== Segment start ==

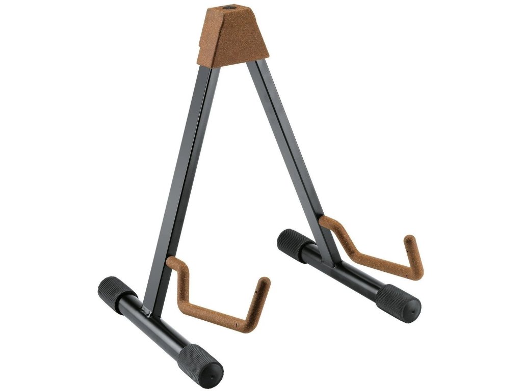 Solidny stalowy stojak na gitarę akustyczną. Metalowa składana konstrukcja, gumowane ramiona nośne chroniące powierzchnię gitary. Wysokość stojaka 420 mm. Regulacja szerokości od 220 do 350 mm. Dostępny w kolorze czarnym i korkowym.
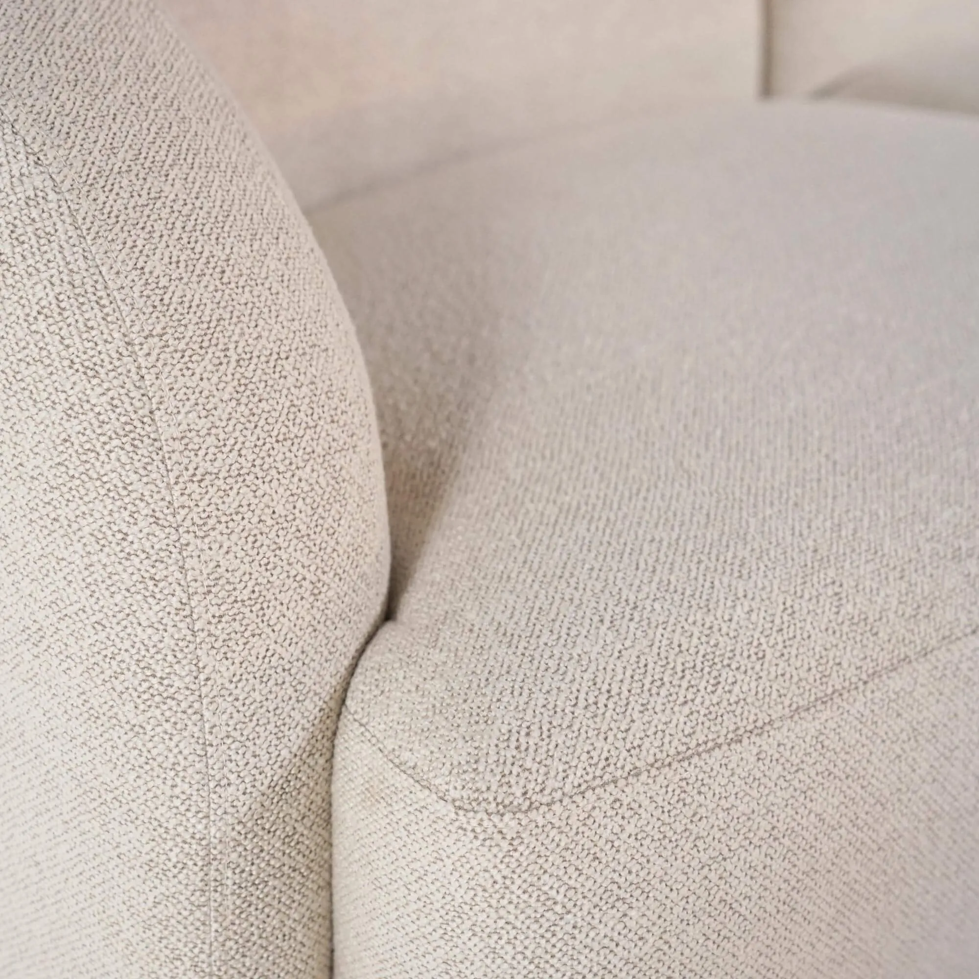 Voor dit model kozen we een getextureerde stof geïnspireerd op bouclé, aangenaam om aan te raken en bestand tegen dagelijks gebruik. Oeko-Tex®-gecertificeerd, garandeert het een duurzaam comfort en een uitstekende kleurvastheid, met een slijtvastheid van meer dan 45.000 Martindale-cycli en een quasi-nul pluizenvorming (pilling 4-5). De zitting van deze design 2-zitsbank combineert een HR-schuim met hoge dichtheid, een systeem van pocketveren en lagen PU-schuim om zowel ondersteuning als soepelheid te bieden. De rugleuning is voorzien van zorgvuldig gekalibreerde schuimlagen die zorgen voor een gelijkmatig comfort, ideaal voor ontspanning en lange, gezellige avonden.
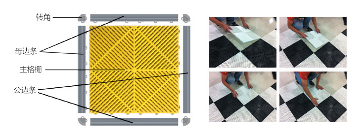Multifunctional modular floor mat with high strength, waterproof and oil bearing, brilliant color, simple construction, waterproof and antifouling, odorless and non-toxic and many other advantages, is widely used in the family balcony, car repair shops, car 4S stores, bath center, exhibition hall, public toilet, hotel corridor and other places.
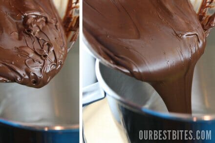 You’ll stir this all together and have sort of a chocolate sauce consistency. Place your bowl in a bowl of ice to bring the temperature down, and just keep stirring until the mixture starts hardening against the side of the bowl. Then you can pop the paddle attachment on your mixer and start whipping. Magically it turns thick and fluffy.
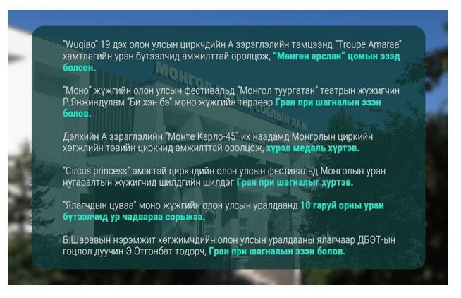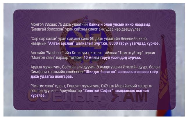 Боломжгүй мэт санагдаж байсан “Billboard”, Канн, Венецийн наадмын улаан хивсний ёслол, дэлхийн алдарт опера хаусын тайз, олон улсын фестивалиудад монгол уран бүтээлчийн дуу хоолой, уран бүтээл, аялгуу эгшиг түгэж, дэлхий дахины сонорыг мялааж байна. Урлагийнхны мөрөөдөл болсон дэлхийн тайз улам ойртож, ар араасаа амжилт дагуулж, уран бүтээлчид нэгэн дээвэр дор нэгдсэн он жилүүд байв.
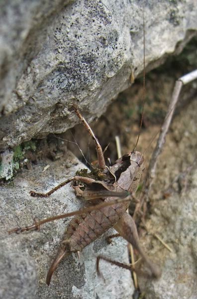 Biotop-Aktion am Burgstall: Sehr viele Kurzfühlerschrecken waren auf den Terrassen und diese weibliche Langfühlerschrecke mit Legesäbel: Strauchschrecke (Pholidoptera griseoaptera) ... mehr über unsere → Langfühlerschrecken im Glemstal → NABU Grundstück Burgstall |
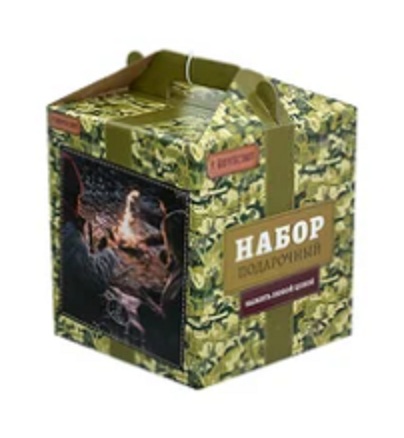 - emballage compact dans un étui à crayons de couleur camouflage avec trois compartiments ;

== Segment end ==

EXERCISE BRIEF: Type the entries again verbatim. Drop the images.

ANSWER BOX:
 Solidny stalowy stojak na gitarę akustyczną. Metalowa składana konstrukcja, gumowane ramiona nośne chroniące powierzchnię gitary. Wysokość stojaka 420 mm. Regulacja szerokości od 220 do 350 mm. Dostępny w kolorze czarnym i korkowym.
 Voor dit model kozen we een getextureerde stof geïnspireerd op bouclé, aangenaam om aan te raken en bestand tegen dagelijks gebruik. Oeko-Tex®-gecertificeerd, garandeert het een duurzaam comfort en een uitstekende kleurvastheid, met een slijtvastheid van meer dan 45.000 Martindale-cycli en een quasi-nul pluizenvorming (pilling 4-5). De zitting van deze design 2-zitsbank combineert een HR-schuim met hoge dichtheid, een systeem van pocketveren en lagen PU-schuim om zowel ondersteuning als soepelheid te bieden. De rugleuning is voorzien van zorgvuldig gekalibreerde schuimlagen die zorgen voor een gelijkmatig comfort, ideaal voor ontspanning en lange, gezellige avonden.
Multifunctional modular floor mat with high strength, waterproof and oil bearing, brilliant color, simple construction, waterproof and antifouling, odorless and non-toxic and many other advantages, is widely used in the family balcony, car repair shops, car 4S stores, bath center, exhibition hall, public toilet, hotel corridor and other places.
 You’ll stir this all together and have sort of a chocolate sauce consistency. Place your bowl in a bowl of ice to bring the temperature down, and just keep stirring until the mixture starts hardening against the side of the bowl. Then you can pop the paddle attachment on your mixer and start whipping. Magically it turns thick and fluffy.
 Боломжгүй мэт санагдаж байсан “Billboard”, Канн, Венецийн наадмын улаан хивсний ёслол, дэлхийн алдарт опера хаусын тайз, олон улсын фестивалиудад монгол уран бүтээлчийн дуу хоолой, уран бүтээл, аялгуу эгшиг түгэж, дэлхий дахины сонорыг мялааж байна. Урлагийнхны мөрөөдөл болсон дэлхийн тайз улам ойртож, ар араасаа амжилт дагуулж, уран бүтээлчид нэгэн дээвэр дор нэгдсэн он жилүүд байв.
 Biotop-Aktion am Burgstall: Sehr viele Kurzfühlerschrecken waren auf den Terrassen und diese weibliche Langfühlerschrecke mit Legesäbel: Strauchschrecke (Pholidoptera griseoaptera) ... mehr über unsere → Langfühlerschrecken im Glemstal → NABU Grundstück Burgstall |
 - emballage compact dans un étui à crayons de couleur camouflage avec trois compartiments ;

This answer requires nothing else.